To support their quest, they have raised more than $24 million from the National Science Foundation and other agencies. The College of Engineering is raising funds to renovate historic Graf Hall on the Corvallis campus to accommodate the program.
In a basement lab equipped with a circular test track, Hurst and a team of undergraduate and graduate students designed ATRIAS to literally have springs in its step. These thin flat fiberglass plates, which have the physical properties of a diving board, are part of a system that imparts lively but controlled energy to the process of locomotion. “This is the first robot in history to demonstrate this kind of natural walking gait, where quantitatively we can say that center of mass motion, the ground reaction forces and the physics of the system match what animals are doing,” explains Hurst.
Hurst had two local shops — King Machine and Ram-Z — build parts for ATRIAS. And in addition to the robot used for research at OSU, he shipped models to his alma mater, Carnegie Mellon, and to a lab run by his long-time colleague Jessy Grizzle at the University of Michigan.
As a graduate student, Hurst worked with Grizzle to design and build ATRIAS’ predecessor known as MABEL. In 2012, they were recognized among 10 “Breakthrough Innovators” by Popular Mechanics. Since then, MABEL has been retired as a research robot and performs for the public in a traveling educational exhibit, now at the Field Museum of Natural History in Chicago.
Learning to Drive
Christian Hubicki, a Ph.D. student in Hurst’s lab, works on the software that controls ATRIAS. “This robot is like a high-end sports car. It’s difficult to control, and it takes a pro to drive it. We have to rise to be that pro,” he says. “There’s no remote control. We’re teaching this machine to walk, and we have to invent things all the time.”
The learning goes both ways. Hubicki and his peers perform computer simulations to test their ideas before they put them into practice on ATRIAS, but surprises happen. For example, to test software designed to enable the robot to walk through soft terrain, Hubicki once put a bucket of gravel on the lab’s test track. His simulations indicated that the machine would hop once or twice before losing stability. Instead, after it hopped into the gravel, the machine jumped 12 more times and then leapt out of the bucket onto the solid surface. Hubicki was shocked. “The controller (software) was a lot more stable than we predicted,” he says.
Such experiences underscore the difficulty of trying to mimic nature. “Locomotion is simple and at the same time incredibly complicated,” says Hurst. “Animals can do amazing feats of agility and stability running blindfolded in the dark over relatively uneven terrain. We’re trying to solve the problem of how legged locomotion works. If we can understand it, we can replicate it.”

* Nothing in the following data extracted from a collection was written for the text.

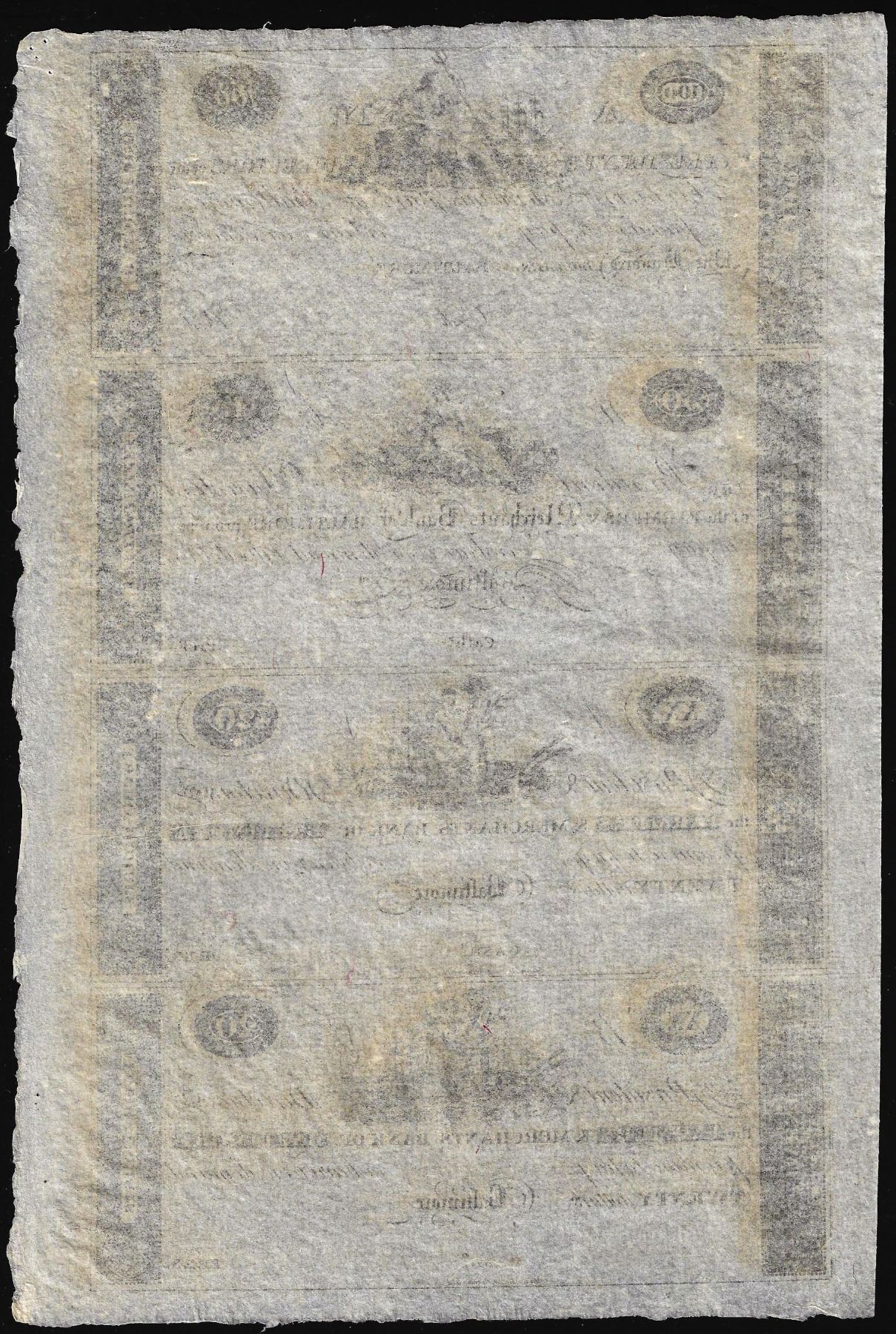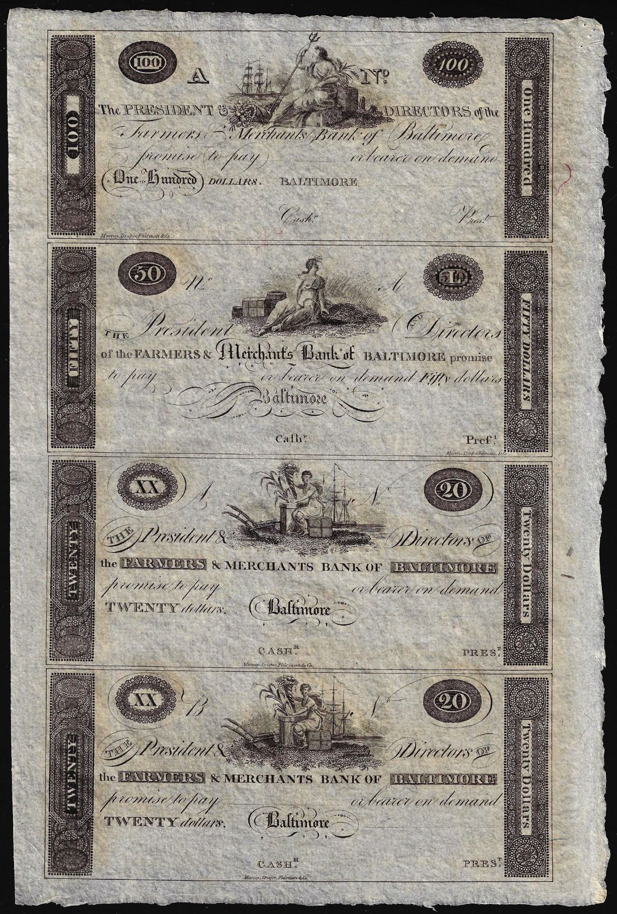 One Uncut Sheet of 1800's $20/20/50/100 Farmer's & Merchants Bank Baltimore Obsolete Notes.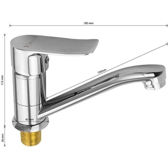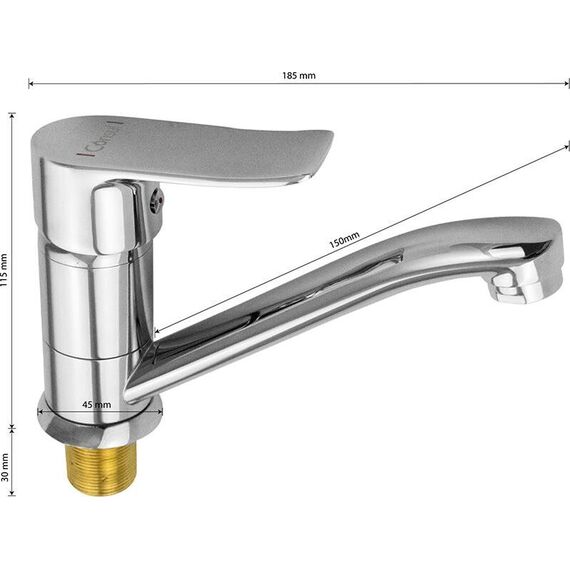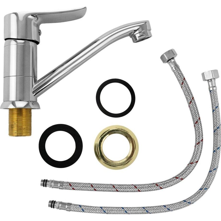 Смеситель для кухонной мойки и раковины, хромированный, с коротким, поворотным изливом, шаровый, литая ручка. Материал изготовления — ЦАМ (цинк-алюминий-медь). Крепление резьба - гайка, картридж d = 35 мм. Аэратор для экономии воды. Габаритные размеры: высота 115 мм, длина 185 мм, длина излива 150 мм, диаметр посадочного седла 45 мм, длина резьбы 30 мм, длина подводки 400 мм. Вес - 1,000 кг, объём - 0,00350 м3. В комплекте паспорт, корпус, подводка 1/2, крепеж, набор прокладок.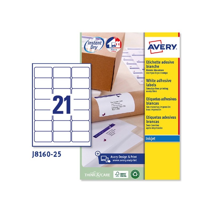 Confezione da 25 fogli in formato A4 in carta adesiva bianca. Ogni foglio contiene 21 etichette rettangolari con angoli tondi nel formato 63,5 x 38,1 mm. Adatto per stampanti inkjet. Tecnologia QuickDry.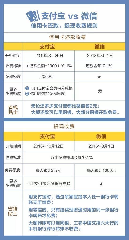 2016年,针对提现服务,微信、支付宝先后宣布各自收费规则。这次,信用卡还款收费规则也是相继出台,再次引发关于互联网服务是否已经进入收费时代的讨论。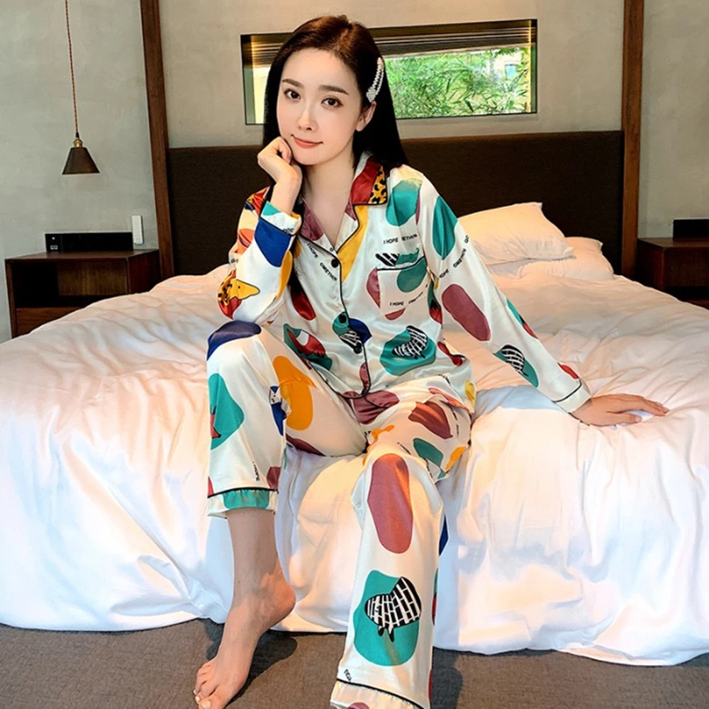 Отзывы о Любителей пижамы Для женщин длинный рукав шелковый атлас пижамный комплект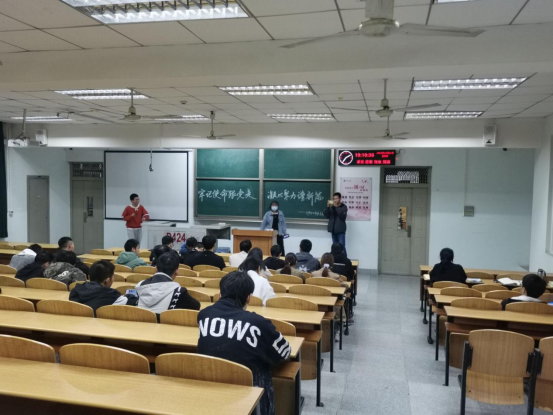 会议伊始,主持人宣读了本次团会的相关事务和宣扬主题精神,以及主要内容和相关注意事项。然后带领同学们学习观看了习近平总书记在纪念辛亥革命110周年大会上的重要讲话,习近平总书记在中央人才工作会议上的重要讲话等相关学习资料,以及习近平总书记关于弘扬爱国主义精神重要论述综述。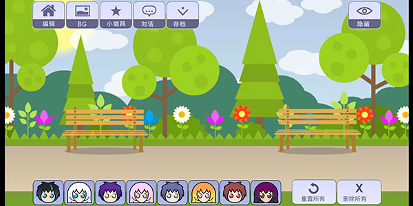 4、在工作室模式中制作场景!创建最多8个角色的场景!选择一个背景,选择你的人物动作,让他们交谈和互动!设置任何你想要的场景!务必观看扭蛋人生的视频!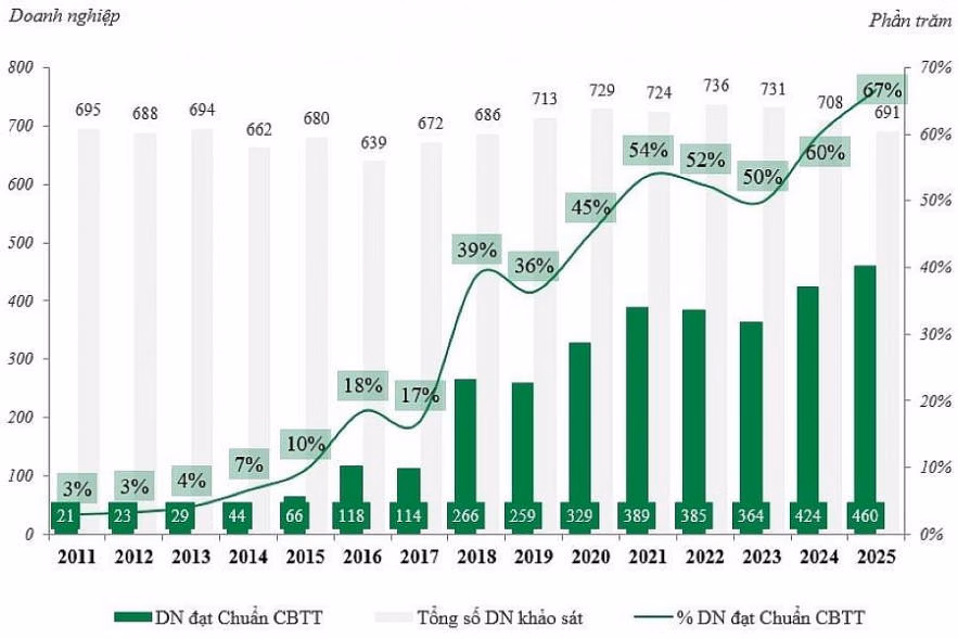 Đây là mức tỷ lệ cao nhất trong toàn bộ lịch sử 15 năm của chương trình IR Awards từ 2011 đến 2025. So với năm 2024, số lượng doanh nghiệp đạt chuẩn tăng thêm 36 đơn vị, tỷ lệ tăng từ 60% lên 67%, cho thấy xu hướng cải thiện mạnh và nhận thức cao hơn của các doanh nghiệp về vai trò và trách nhiệm của hoạt động công bố thông tin.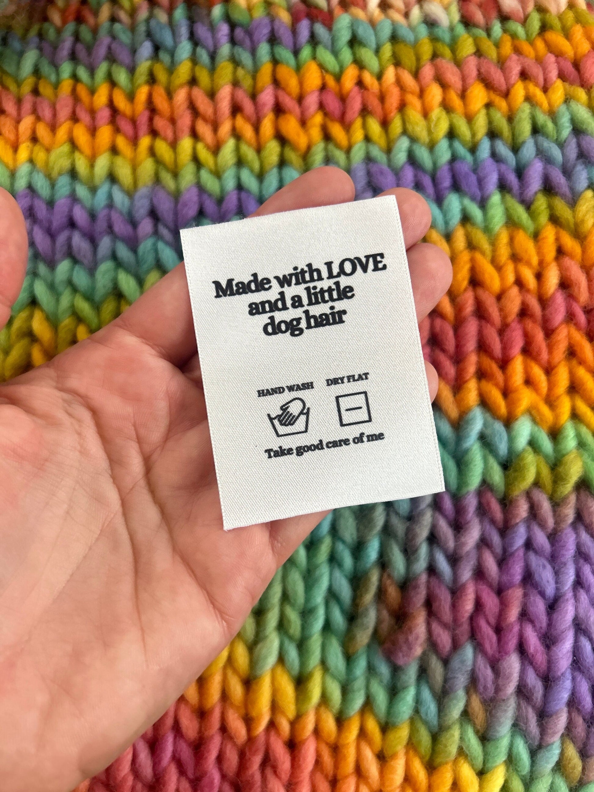 Woven Craft Handmade Clothing Care Instructions Labels ‘Made with Love and a Little Dog Hair’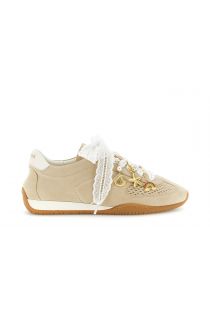Women's lace-up running shoes in perforated suede. lace laces and removable gold nautical-themed charms. fabric lining leather insole 2 cm rubber sole. playful and ultra-glamorous look.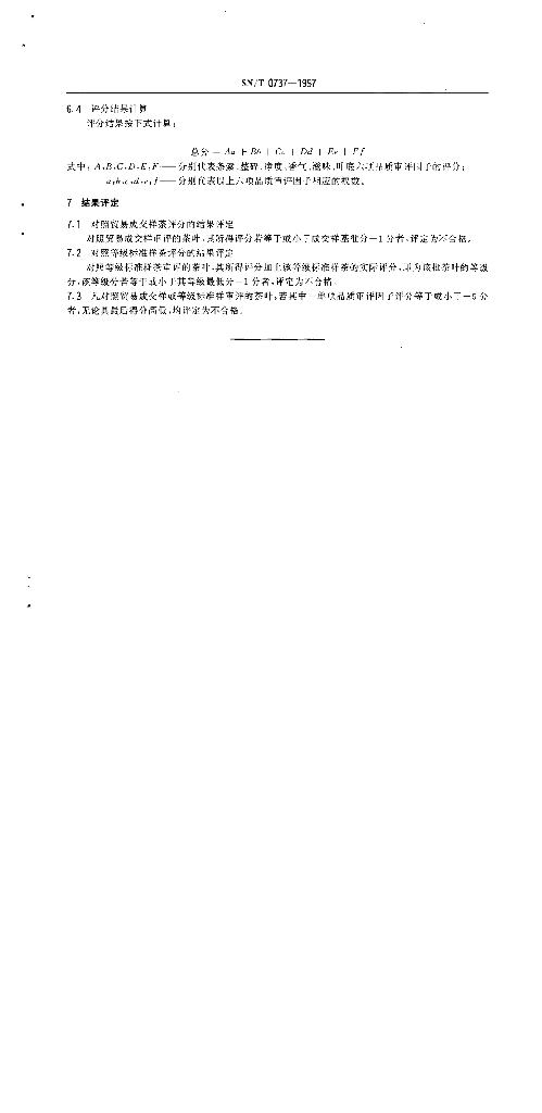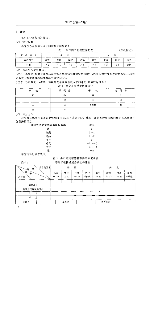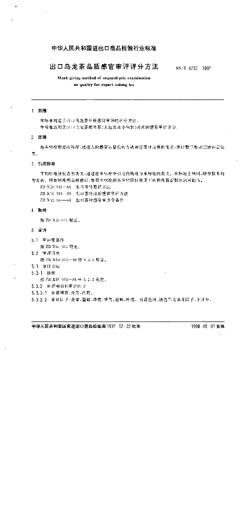 SN/T 0737-1997 出口乌龙茶品质感官审评评分方法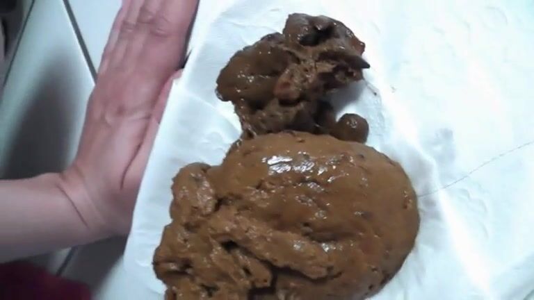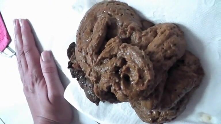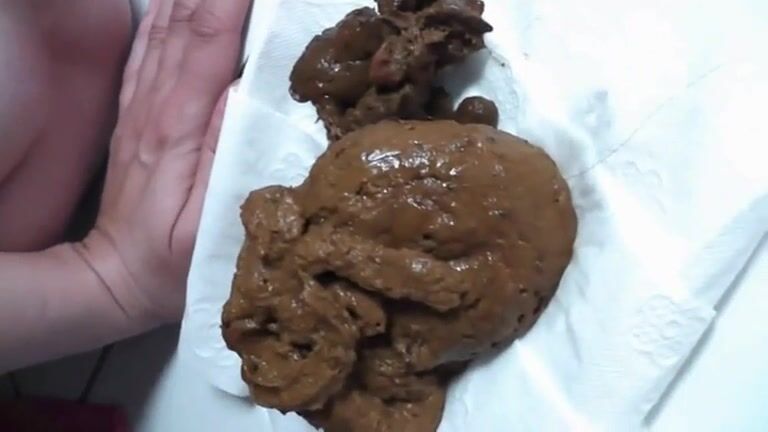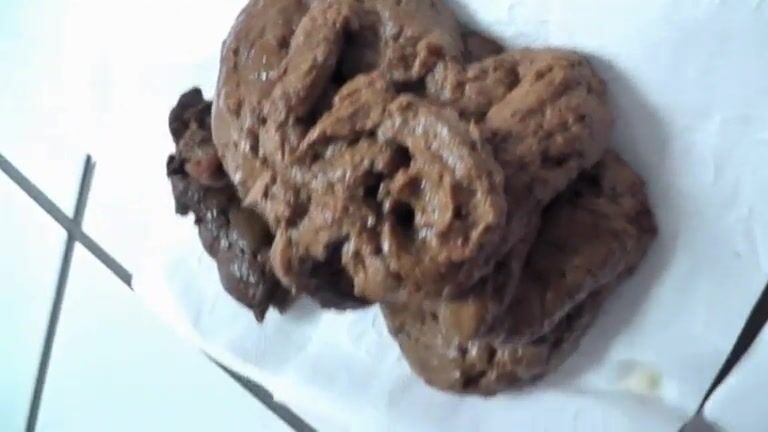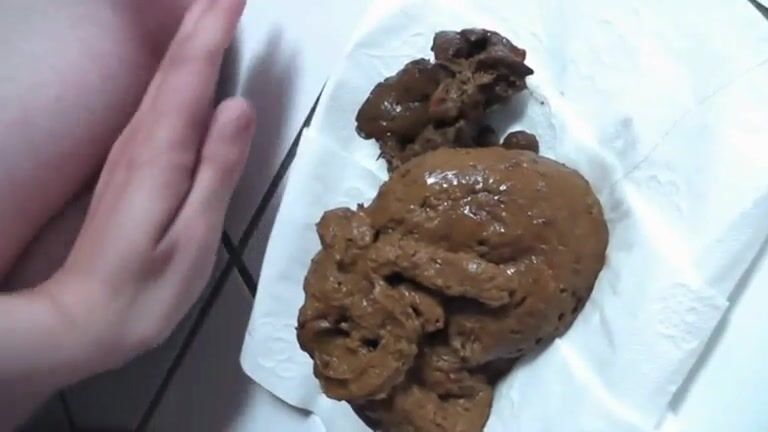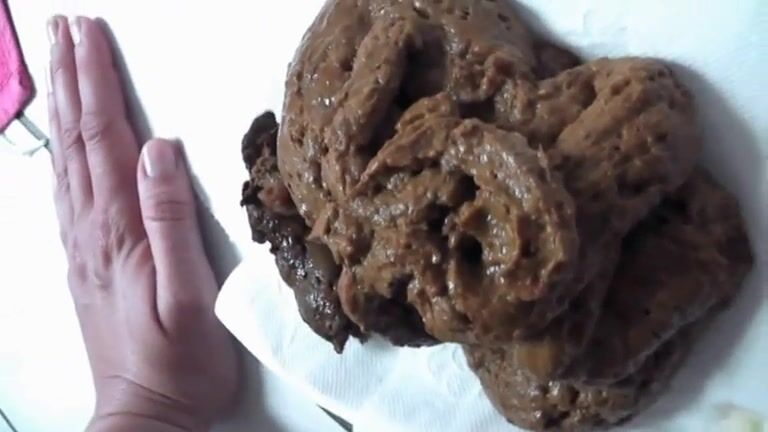 Girl shitting big turd on the plate

For inspiration, Hurst and his team look to animals that predate humans: birds. Some species in this ancient branch of life may appear ungainly on land, but birds have successfully adapted walking and running to a wide range of body sizes. Ostriches have been clocked at more than 40 miles per hour. A guinea hen can adjust to obstacles on the fly and maintain a stable running gait.
It’s no accident that ATRIAS walks more like a bird than like the robots in Star Wars. In 1977, R2-D2 and 3-CPO seemed futuristic. Now they look quaint. In turn, ATRIAS may be the forerunner of machines that even Hollywood can’t quite imagine.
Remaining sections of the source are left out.